DATA UNDER STUDY:
----

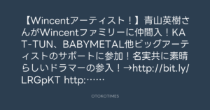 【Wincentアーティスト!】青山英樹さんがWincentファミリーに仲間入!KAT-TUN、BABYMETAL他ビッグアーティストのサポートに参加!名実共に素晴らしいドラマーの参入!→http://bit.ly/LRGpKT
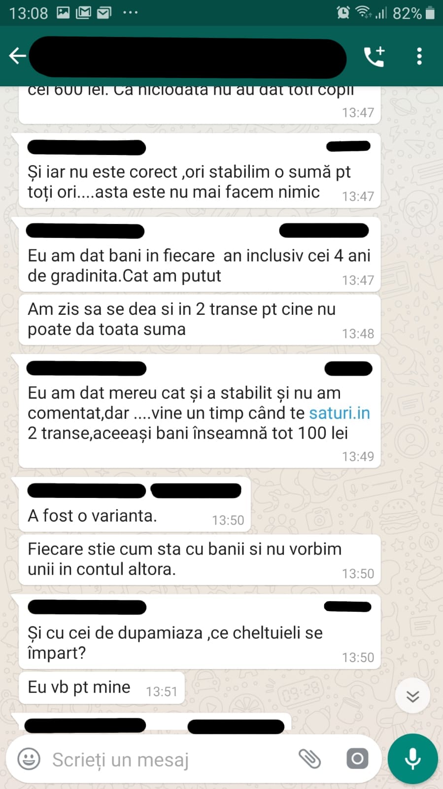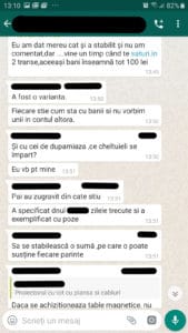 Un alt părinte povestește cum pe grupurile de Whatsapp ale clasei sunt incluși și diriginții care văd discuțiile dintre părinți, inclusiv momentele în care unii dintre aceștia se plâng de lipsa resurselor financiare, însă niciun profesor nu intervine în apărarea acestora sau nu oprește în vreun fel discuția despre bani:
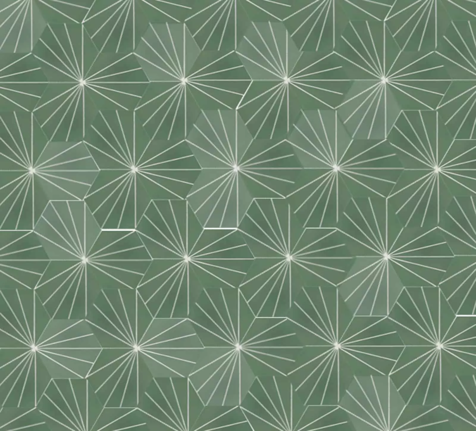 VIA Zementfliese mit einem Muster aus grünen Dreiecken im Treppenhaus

----

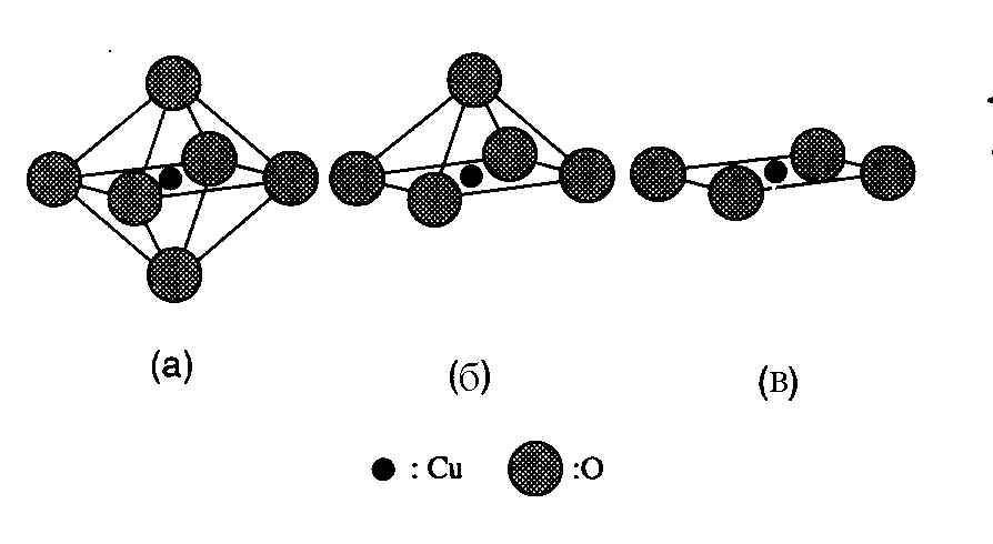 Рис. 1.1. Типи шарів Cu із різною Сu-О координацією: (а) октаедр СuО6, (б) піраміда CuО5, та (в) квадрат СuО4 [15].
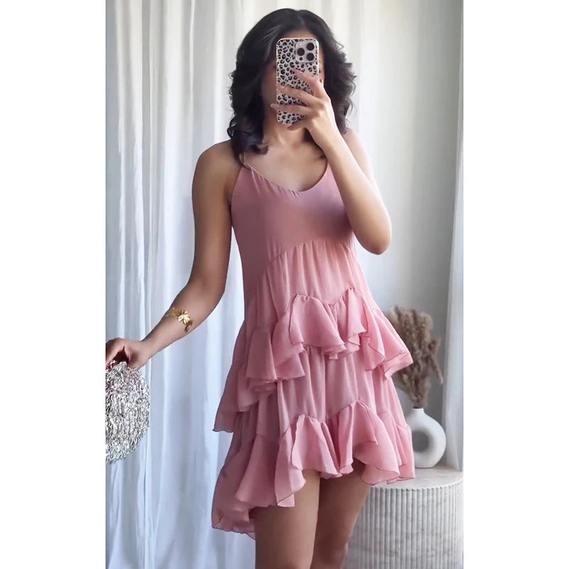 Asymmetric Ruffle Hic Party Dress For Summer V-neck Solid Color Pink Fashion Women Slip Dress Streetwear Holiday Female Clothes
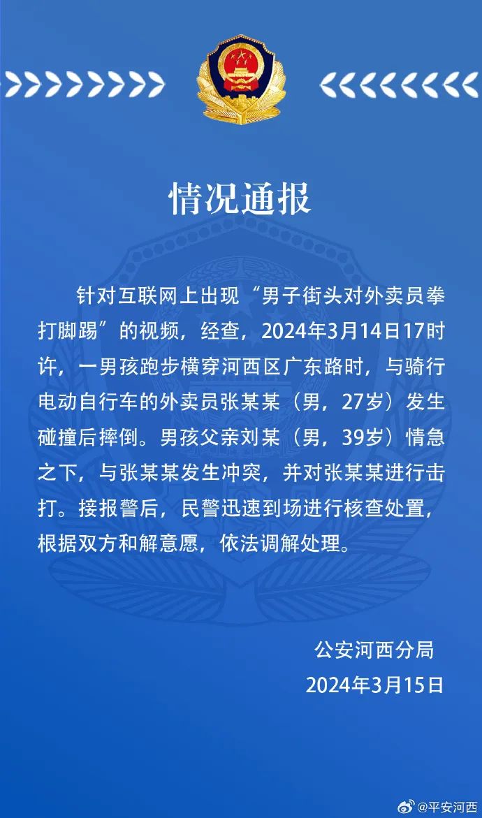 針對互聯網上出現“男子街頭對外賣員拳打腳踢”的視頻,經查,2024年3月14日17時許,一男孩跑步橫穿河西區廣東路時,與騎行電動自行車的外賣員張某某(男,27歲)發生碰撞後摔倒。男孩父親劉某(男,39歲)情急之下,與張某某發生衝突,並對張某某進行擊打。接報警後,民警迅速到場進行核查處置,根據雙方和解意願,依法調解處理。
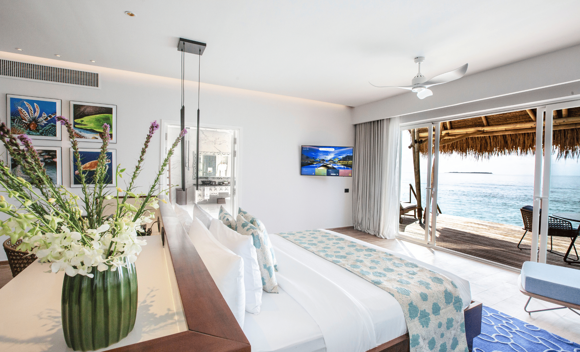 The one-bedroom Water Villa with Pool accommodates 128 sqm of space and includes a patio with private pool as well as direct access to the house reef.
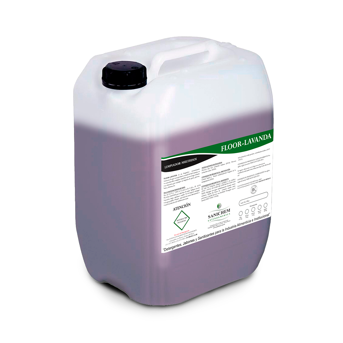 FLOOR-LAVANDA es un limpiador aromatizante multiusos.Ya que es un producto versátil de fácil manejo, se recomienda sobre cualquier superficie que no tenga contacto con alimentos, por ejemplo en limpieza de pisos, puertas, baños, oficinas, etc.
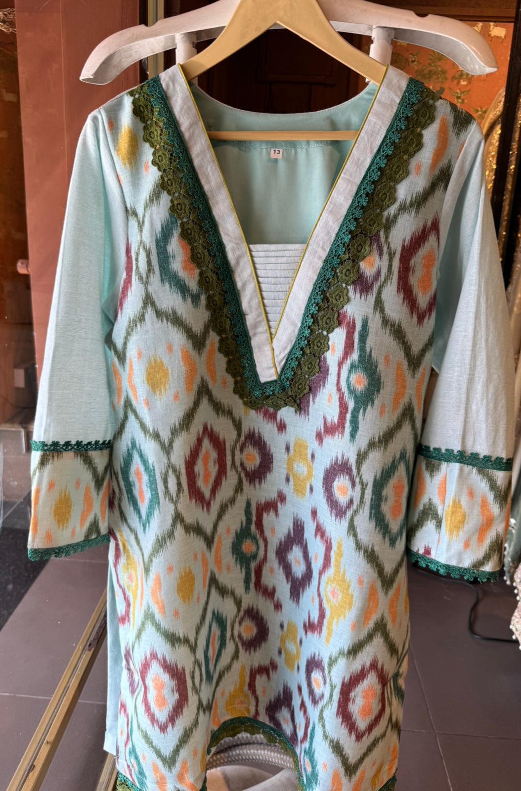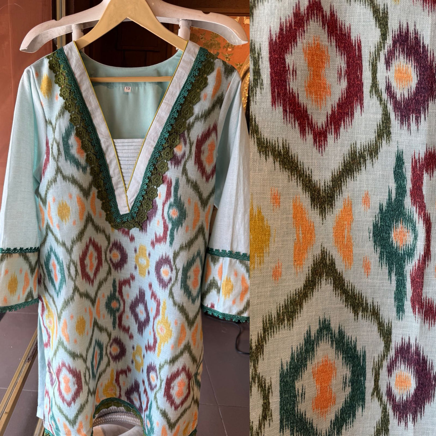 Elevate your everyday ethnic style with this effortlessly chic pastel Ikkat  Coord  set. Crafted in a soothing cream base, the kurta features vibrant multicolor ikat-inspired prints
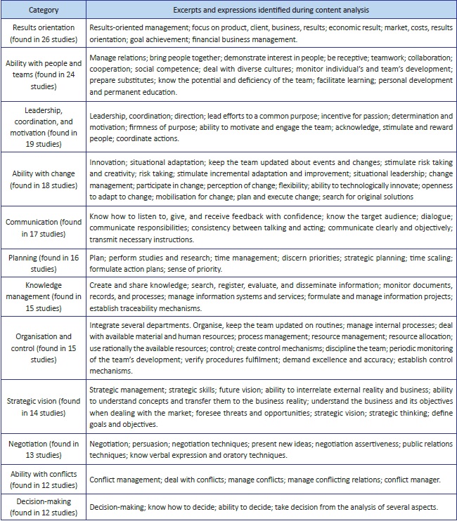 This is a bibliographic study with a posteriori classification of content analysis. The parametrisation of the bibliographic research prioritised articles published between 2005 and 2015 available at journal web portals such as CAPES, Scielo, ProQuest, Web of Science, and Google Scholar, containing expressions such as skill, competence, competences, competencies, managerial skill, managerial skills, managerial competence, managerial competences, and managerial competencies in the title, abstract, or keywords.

----

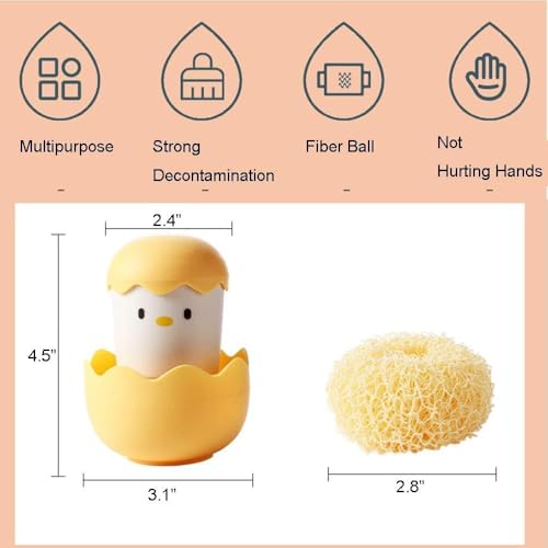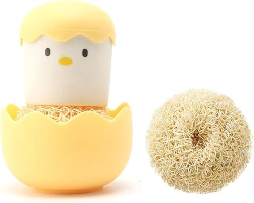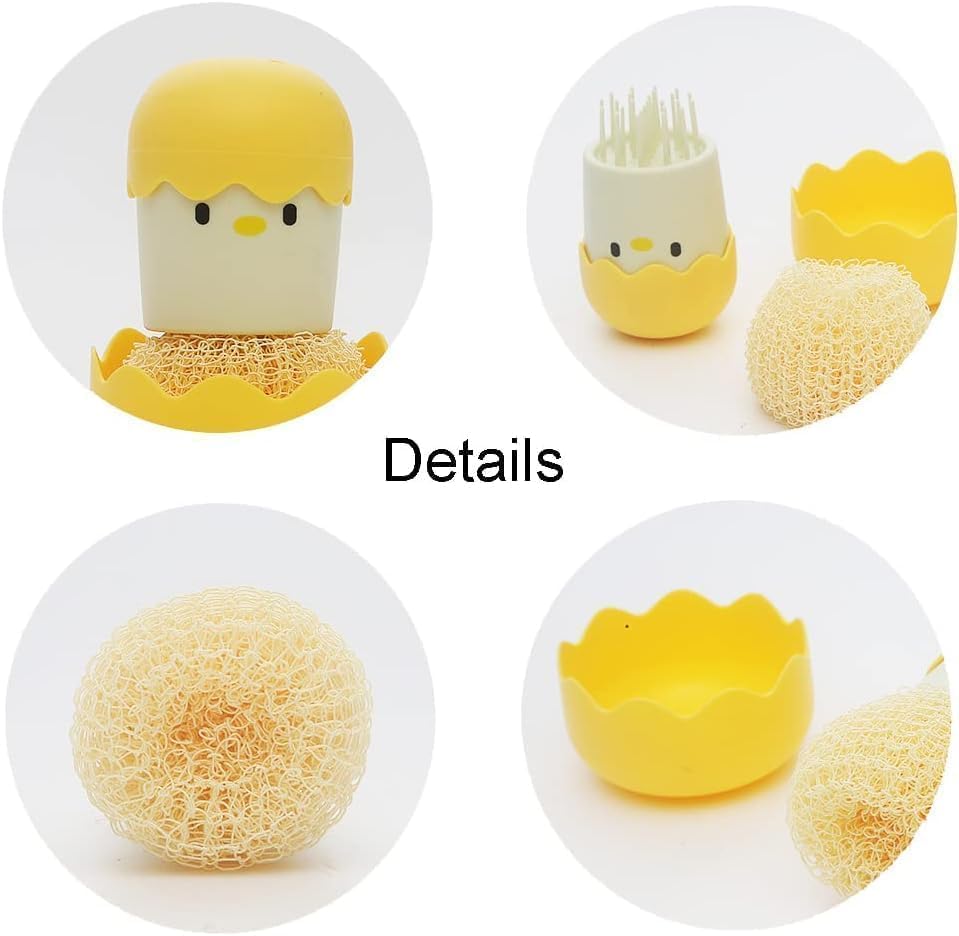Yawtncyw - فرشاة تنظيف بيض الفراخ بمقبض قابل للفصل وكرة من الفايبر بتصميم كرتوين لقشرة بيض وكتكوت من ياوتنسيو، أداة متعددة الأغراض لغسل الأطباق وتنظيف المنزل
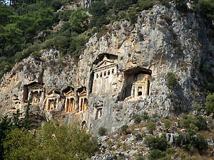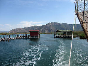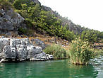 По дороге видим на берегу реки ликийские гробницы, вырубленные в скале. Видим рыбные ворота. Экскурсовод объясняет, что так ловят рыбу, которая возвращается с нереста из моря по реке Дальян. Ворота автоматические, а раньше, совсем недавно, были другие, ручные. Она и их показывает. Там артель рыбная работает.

----

WHAT IS EXPECTED: In the listing above, find the line containing "Рис. 1.1. Типи" and the line containing "This is a bibliographic". Print those two lines and every line between them exactly, with no pictures.

ANSWER FOR THIS EXERCISE:
 Рис. 1.1. Типи шарів Cu із різною Сu-О координацією: (а) октаедр СuО6, (б) піраміда CuО5, та (в) квадрат СuО4 [15].
 Asymmetric Ruffle Hic Party Dress For Summer V-neck Solid Color Pink Fashion Women Slip Dress Streetwear Holiday Female Clothes
 針對互聯網上出現“男子街頭對外賣員拳打腳踢”的視頻,經查,2024年3月14日17時許,一男孩跑步橫穿河西區廣東路時,與騎行電動自行車的外賣員張某某(男,27歲)發生碰撞後摔倒。男孩父親劉某(男,39歲)情急之下,與張某某發生衝突,並對張某某進行擊打。接報警後,民警迅速到場進行核查處置,根據雙方和解意願,依法調解處理。
 The one-bedroom Water Villa with Pool accommodates 128 sqm of space and includes a patio with private pool as well as direct access to the house reef.
 FLOOR-LAVANDA es un limpiador aromatizante multiusos.Ya que es un producto versátil de fácil manejo, se recomienda sobre cualquier superficie que no tenga contacto con alimentos, por ejemplo en limpieza de pisos, puertas, baños, oficinas, etc.
 Elevate your everyday ethnic style with this effortlessly chic pastel Ikkat  Coord  set. Crafted in a soothing cream base, the kurta features vibrant multicolor ikat-inspired prints
 This is a bibliographic study with a posteriori classification of content analysis. The parametrisation of the bibliographic research prioritised articles published between 2005 and 2015 available at journal web portals such as CAPES, Scielo, ProQuest, Web of Science, and Google Scholar, containing expressions such as skill, competence, competences, competencies, managerial skill, managerial skills, managerial competence, managerial competences, and managerial competencies in the title, abstract, or keywords.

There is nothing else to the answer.